Eenmaal in de lucht komen de vleugels van de kalkoen tot leven. In tegenstelling tot de spieren van de achterpoten, die zijn gemaakt voor langdurig gebruik, zijn de borstspieren die de vleugels van een kalkoen aandrijven gebouwd voor snelle maar korte inspanningen. Een wilde kalkoen vliegt zelden meer dan ongeveer 100 meter, wat meestal voldoende is om hem in veiligheid te brengen. (Glycogeen, de energiedragende chemische stof die de borst van een kalkoen voedt tijdens de vlucht, “wordt zeer snel opgebruikt”, zegt Dial. “Het is zoiets als nitrobrandstof voor een dragster.”)
De vleugelarchitectuur ook draagt een indicatie van de vluchtgewoonten van de kalkoen. Kalkoenvleugels zijn sterk gecupt, een eigenschap die in de aerodynamica bekend staat als camber, wat een snelle start mogelijk maakt.
Als je ooit op een kalkoenboerderij bent geweest, weet je dat gedomesticeerde kalkoenen – de soort die de meesten van ons eten – vlieg niet.
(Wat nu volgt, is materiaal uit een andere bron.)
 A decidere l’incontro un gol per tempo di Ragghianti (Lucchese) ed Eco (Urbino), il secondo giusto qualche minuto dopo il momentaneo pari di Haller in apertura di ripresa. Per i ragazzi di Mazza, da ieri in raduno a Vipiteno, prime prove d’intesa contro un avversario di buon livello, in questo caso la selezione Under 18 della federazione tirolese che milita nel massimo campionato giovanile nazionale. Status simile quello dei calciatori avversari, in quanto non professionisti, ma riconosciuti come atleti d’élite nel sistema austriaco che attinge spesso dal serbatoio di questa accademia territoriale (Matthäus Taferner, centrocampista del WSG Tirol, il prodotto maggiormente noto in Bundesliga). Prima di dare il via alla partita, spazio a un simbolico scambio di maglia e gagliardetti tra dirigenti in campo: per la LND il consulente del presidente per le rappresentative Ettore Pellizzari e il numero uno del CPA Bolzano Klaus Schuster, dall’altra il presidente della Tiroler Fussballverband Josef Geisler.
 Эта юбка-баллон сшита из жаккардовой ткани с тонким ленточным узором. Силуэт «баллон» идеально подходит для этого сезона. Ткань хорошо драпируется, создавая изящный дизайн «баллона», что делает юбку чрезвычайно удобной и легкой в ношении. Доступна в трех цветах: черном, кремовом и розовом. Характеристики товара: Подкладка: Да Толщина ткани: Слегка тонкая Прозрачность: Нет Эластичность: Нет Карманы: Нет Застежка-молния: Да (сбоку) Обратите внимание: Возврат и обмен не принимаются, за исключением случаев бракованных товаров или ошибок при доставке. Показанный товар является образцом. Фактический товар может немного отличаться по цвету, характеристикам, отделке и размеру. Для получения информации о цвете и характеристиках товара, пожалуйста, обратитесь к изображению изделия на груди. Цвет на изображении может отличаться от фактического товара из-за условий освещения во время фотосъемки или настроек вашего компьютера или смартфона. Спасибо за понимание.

Waarom?
Hun borsten werden te sterk. Boeren prijzen kalkoenen die grote borst- en dijspieren krijgen, omdat dat de meest waardevolle onderdelen zijn op de pluimveemarkt. In de loop van de tijd hebben boeren kalkoenen gefokt om steeds grotere borsten te krijgen.
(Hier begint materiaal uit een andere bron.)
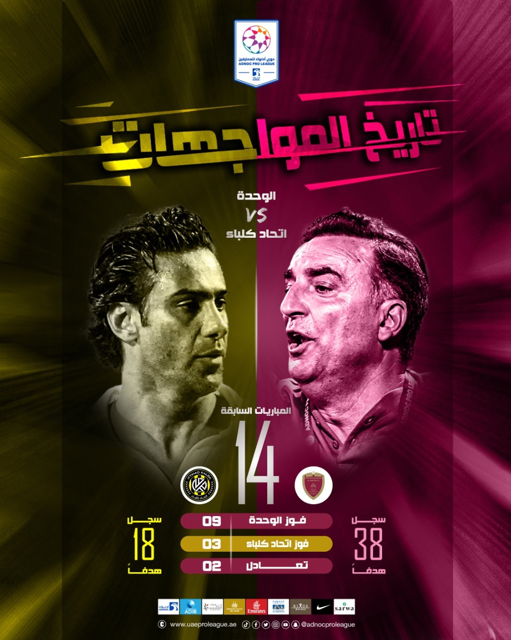 سازمان لیگ برتر فوتبال امارات در آستانه بازی اتحاد کلباء با الوحده در دومین هفته از لیگ پوستری از آمار تقابل این دو تیم منتشر کرد.
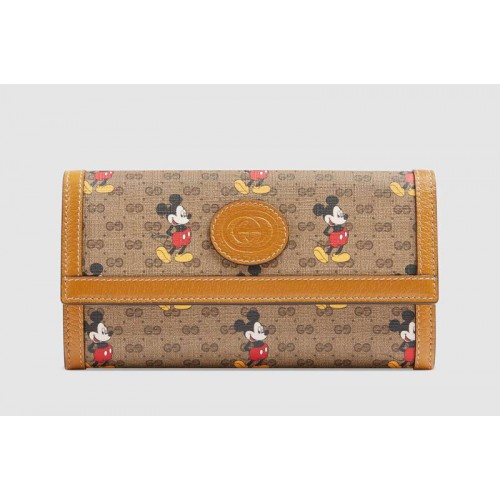 Gucci 602530 Disney x Gucci continental wallet in Beige/ebony mini GG Supreme canvas

Een kalkoenborst wordt sterker naarmate hij groter wordt, maar de kracht-massaverhouding van het dier neemt af, zodat hij niet snel genoeg kan klapperen om aanhoudende vlucht te ondersteunen. In zekere zin is het precies het tegenovergestelde van wat er met de nu uitgestorven dodo is gebeurd. Toen de vliegende voorouders van die vogel aankwamen op het roofdiervrije eiland Mauritius, werd het bouwen van krachtige vleugels een verspilling van energie. Door de generaties heen werden de borstspieren van de dodo te zwak om te kunnen vliegen.
De massieve borstspieren van de gedomesticeerde kalkoen beginnen ook de pezen en ligamenten te strekken die het dier bij elkaar houden, en het schoudergewricht duwt geleidelijk uit elkaar, waardoor de vlucht verder wordt belemmerd. (Wilde kalkoenen hebben daarentegen sterke, stabiele schoudergewrichten.)
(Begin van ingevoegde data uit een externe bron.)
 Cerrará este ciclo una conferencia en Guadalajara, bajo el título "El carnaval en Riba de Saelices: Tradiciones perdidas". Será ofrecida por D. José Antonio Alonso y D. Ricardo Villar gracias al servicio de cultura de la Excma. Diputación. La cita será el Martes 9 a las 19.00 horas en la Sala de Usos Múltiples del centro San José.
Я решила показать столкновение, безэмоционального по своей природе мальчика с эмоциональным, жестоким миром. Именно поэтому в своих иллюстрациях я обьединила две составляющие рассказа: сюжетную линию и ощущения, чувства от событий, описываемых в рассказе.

Er is waarschijnlijk ook een element van psychologie bij betrokken. “Boeren willen kalkoenen die elke calorie van voer gebruiken om spieren op te bouwen”, zegt Dial. “Vogels die angstig of zenuwachtig zijn en bij elke provocatie proberen weg te vliegen, verspillen hun calorieën. Dus boeren hebben waarschijnlijk de motivatie gekweekt om uit hun kalkoenen te vliegen. ”
De levensomstandigheden ontmoedigen kalkoenen ook om in vliegvorm te blijven. Kalkoenen die in de fabriek worden gekweekt, worden vaak binnen gehouden of in kleine ruimtes waar ze hun vleugels niet kunnen spreiden en opstijgen. Natuurlijke vijanden worden op veilige afstand gehouden. De vogels die op ruimere boerderijen worden grootgebracht, zullen eerder geneigd zijn om op zijn minst een snelle start en een korte flap te proberen.
Als kalkoen op het menu staat tijdens uw Thanksgiving dit jaar , neem even de tijd om de wonderbaarlijke wezens waarvan uw vogel afstamt te waarderen. De wilde kalkoen is een van de vijf grootste vliegende vogels ter wereld, samen met zwanen, de gigantische albatros, de gigantische gieren van Zuid-Amerika en de koritrap, een Afrikaanse vogel. Met een piek van ongeveer 29 kilo kunnen wilde kalkoenen meer wegen dan veel 3-jarige kinderen. Als je je kleuter zou uitrusten met een goed gewelfde set vleugels, zou ze absoluut geen hoop hebben om zelfs maar een moment de lucht in te gaan, zelfs als je zou willen dat ze een paar minuten wegvliegt terwijl je je Thanksgiving-diner voorbereidt.